**Stored entries**.
————————
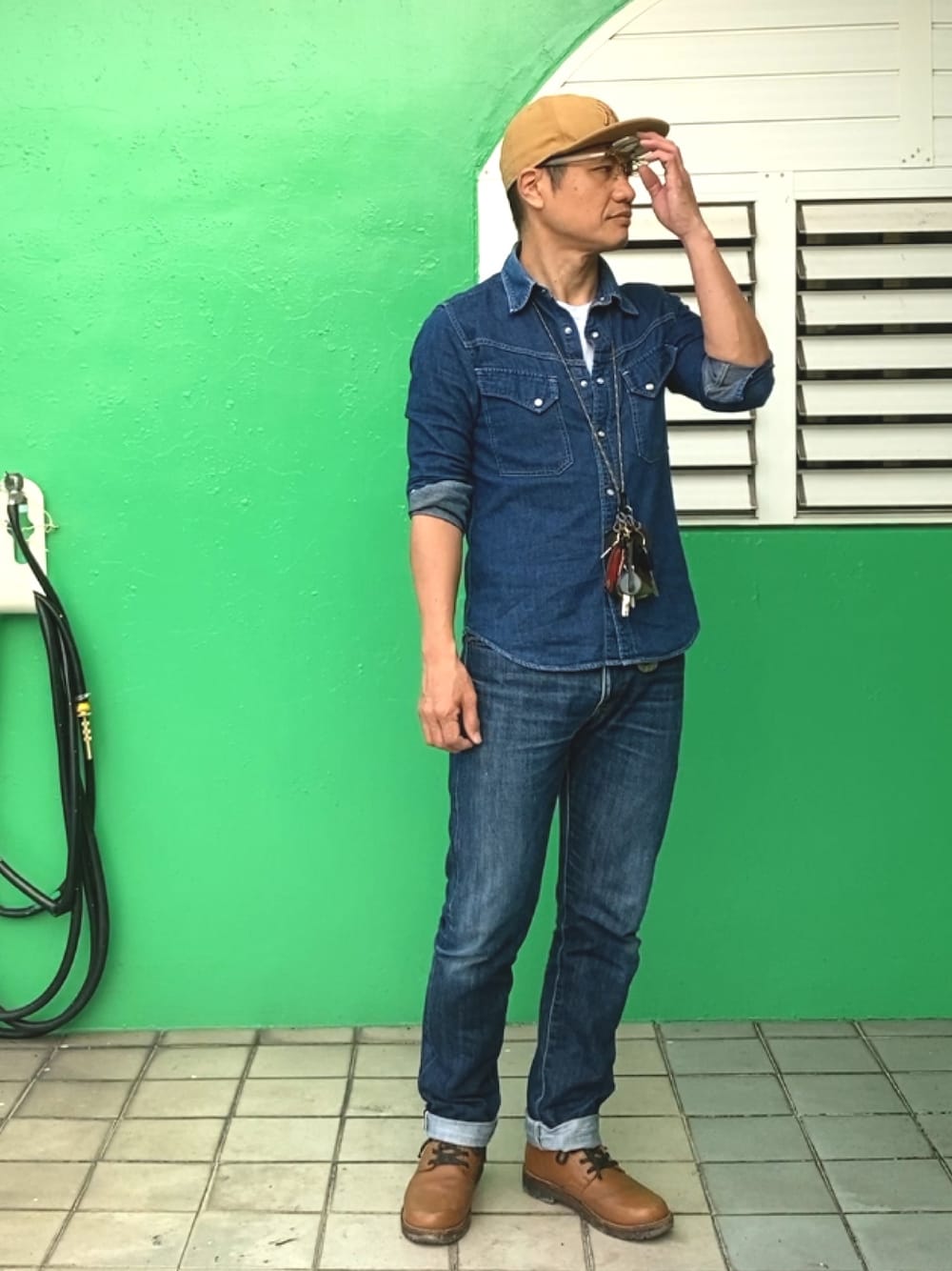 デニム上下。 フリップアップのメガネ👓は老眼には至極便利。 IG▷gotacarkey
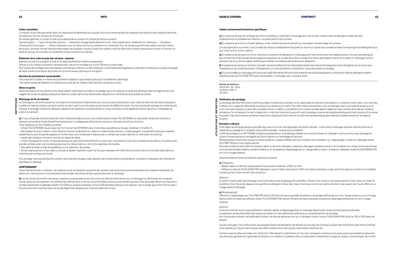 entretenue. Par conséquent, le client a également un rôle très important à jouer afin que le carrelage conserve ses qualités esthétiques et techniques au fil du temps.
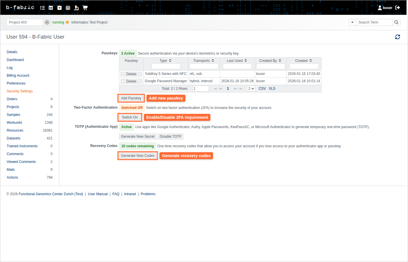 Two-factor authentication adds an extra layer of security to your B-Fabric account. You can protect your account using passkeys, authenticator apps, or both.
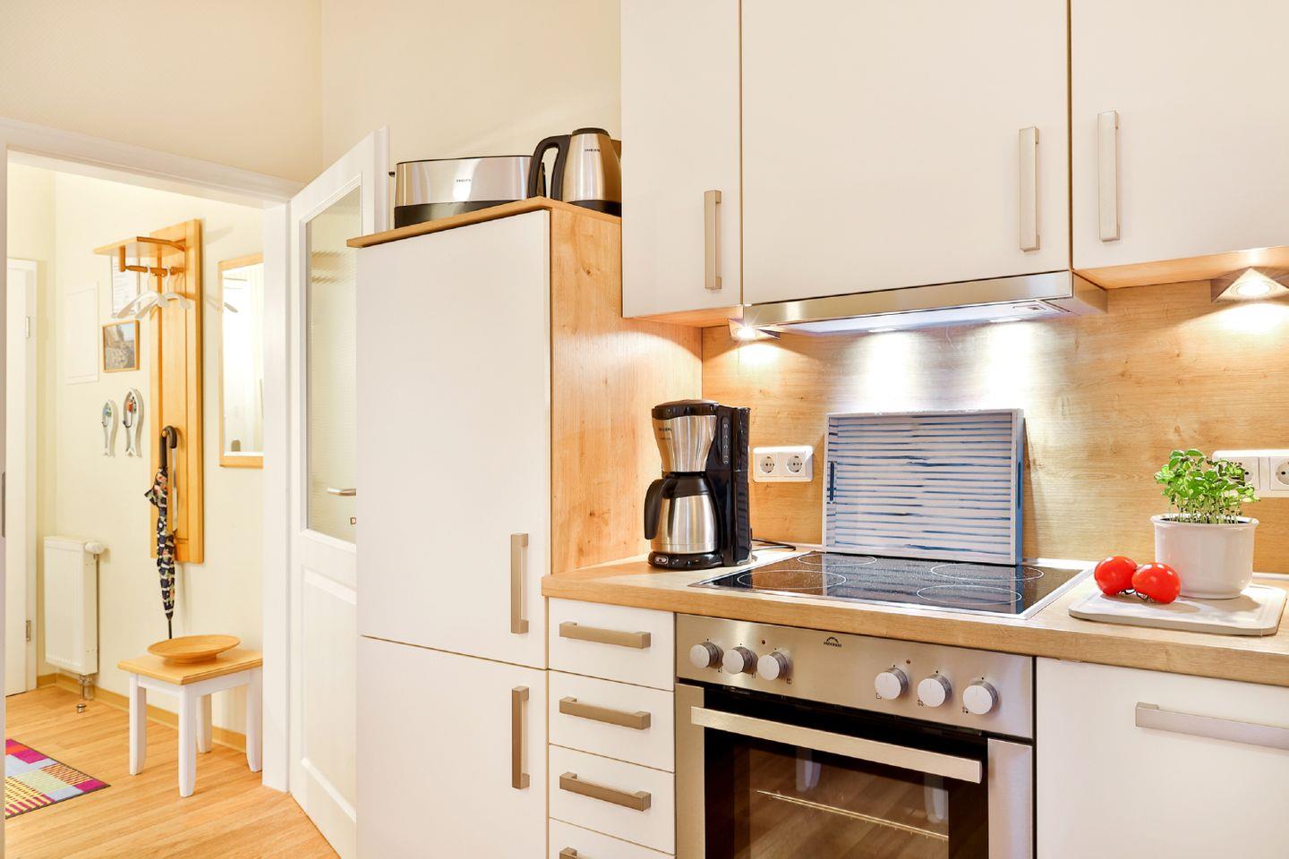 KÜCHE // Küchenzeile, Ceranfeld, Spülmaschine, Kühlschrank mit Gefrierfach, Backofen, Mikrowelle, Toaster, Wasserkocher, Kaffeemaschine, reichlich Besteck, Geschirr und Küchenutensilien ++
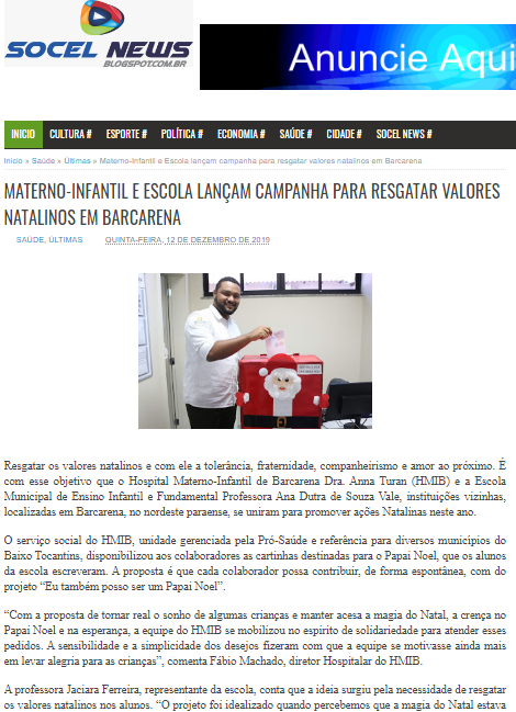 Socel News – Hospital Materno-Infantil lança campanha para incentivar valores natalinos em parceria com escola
————————
**Description of the task**. Leaving the pictures out, set down exactly the lines from the one with "Two-factor authentication adds" through the end of the records.

**Answer to the exercise**.
 Two-factor authentication adds an extra layer of security to your B-Fabric account. You can protect your account using passkeys, authenticator apps, or both.
 KÜCHE // Küchenzeile, Ceranfeld, Spülmaschine, Kühlschrank mit Gefrierfach, Backofen, Mikrowelle, Toaster, Wasserkocher, Kaffeemaschine, reichlich Besteck, Geschirr und Küchenutensilien ++
 Socel News – Hospital Materno-Infantil lança campanha para incentivar valores natalinos em parceria com escola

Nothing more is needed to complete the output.